Over the break between the Fall and Spring seasons at our club, we had a group of coaches from the Coerver organization come in to run some sessions for our players.

The players had a fantastic time, and really benefited from the skill activities that the coaches brought to the table.

Watching one of the activities made me think a bit about how as coaches we often settle for adequate (good) rather than pushing ourselves to go for more (better or best). What the Coerver guys did would qualify as best in my book.

I’ll tell you all about it in just a moment.

We can all agree that skill development has to be a major focus of our practice sessions, especially with young players.

A typical activity many coaches run would be two players set up 10 yards apart passing back and forth. You can work on a number of different skills this way.

  • Passing with the inside and outside of the foot
  • Receiving with the inside, outside and sole of the foot
  • Volleys with laces and instep (1 player tosses the ball)
  • Half volleys
  • Receiving with the Chest
  • Headers

Anything we do like this to help our players improve is good, but we can do better.

One of our club coaches sets up a 30 yard square grid. Half of the players line up on the inside, half line up outside of the grid (each with a ball).

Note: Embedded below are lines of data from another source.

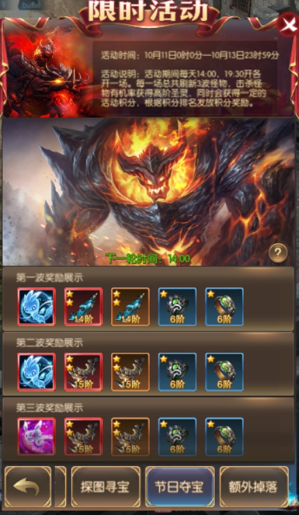 活动简介:活动期间每天14:00,19:30开各开一场。每一场总共刷新3波怪物,击杀怪物有获得高阶圣灵,同时会获得一定的活动积分,根据积分排名发放积分奖励。
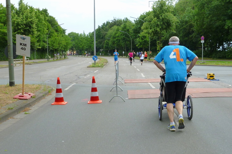 Nun geht es zurück nach Gelsenkirchen, die Temperaturen sind weiter gestiegen. Mittlerweile kippe ich mir an jeder Tankstelle Wasser über den Körper oder stelle mich gleich unter die Wasserdusche. Im Bereich des Möbelhauses ist die Hitze fast unerträglich. Nun sind 30 Kilometer geschafft. Die auf der anderen Seite entgegenkommenden Läufer haben erst die halbe Strecke. Im Team der 5.30 Stunden ziehen drei Zeitläufern zwei Männer, ein gutes Verhältnis. Vor einem Alten- und Pflegeheim hocken drei, vier Senioren an der Strecke. Die freuen sich, als der Fotograf auf sie zukommt und grüßt. Und auf der anderen Seite kommt mir Pumuckl entgegen. Der hat entweder viele Spenden gesammelt oder er war im Wirtshaus. Er hat noch ganz viele Kilometer vor sich.
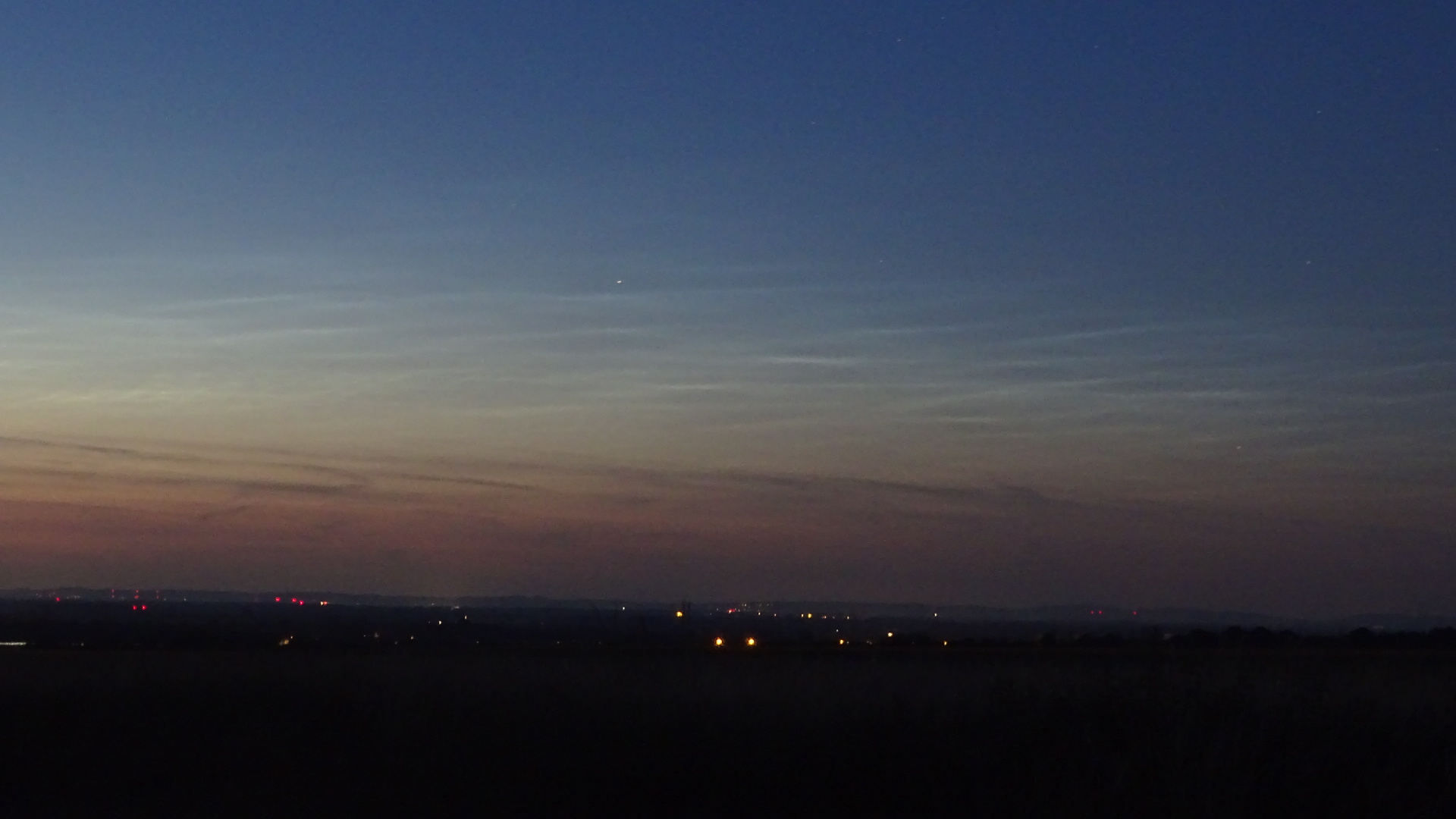 hier zwei Bilder von 21:22 und 21:28 UTC aus Hamburg. Auch gut erkennbar, dass die Zirren (die oberen zwei Drittel des ersten Bildes) teils ähnliche Strukturen wie die NLC aufwiesen. Deswegen war die Unterscheidung zunächst schwierig. Blickrichtung ist etwa NNO bis NO. Die NLC reichten bis etwa 12 Grad hoch und hatten visuell die Helligkeit 2-3.

The players inside the grid check to one of the outside players and perform the skill. After 1 minute, they switch roles.

We are now in a more realistic environment as the players are executing passing and receiving on the move. Much more like game conditions.

This certainly is much better than a static situation of two players standing across from each other. But it’s not as good as it could be.

Players tend to move around in a circle and not aggressively check for the ball. They are doing more moving than executing skills so we aren’t getting as many reps as possible.

The Coerver guys had a twist on this form of the activity that I think elevates it to “best.” A bit of an “Aha moment” if you will.

Same set up, 30 yard square grid. However, they also put a 3 yard square in the center. Players start in the middle and have to go back to the middle between sets of skill reps.

Now they are “checking” much more directly to receive the ball.

One final twist…

Have the players perform a rep with both feet when they check to the ball.

Here’s what I mean:

Player 1 checks from the middle to Player 2 (who has a ball) on the outside of the grid. Player 2 plays a ground pass to Player 1′s right foot. Player 1 plays it back one-time.

Player 2 plays the ball back again one-time to Player 1′s left foot. Player 1 plays the pass back and then heads back to the center of the grid before he begins again.

You can do the same thing with volleys. Player 1 checks to Player 2 (who has a ball in his hands). Player 2 tosses to Player 1 for a right foot volley. Player 2 catches the volley and then tosses to Player 1′s left foot for a second volley.

Now we have more realistic movement and more skill reps.

We’ve gone from good to better to best!

Whenever you are setting up an activity, ask yourself these questions:

  1. Is it realistic to the game?
  2. Could the players get more touches on the ball?
  3. Is this activity the best it can be?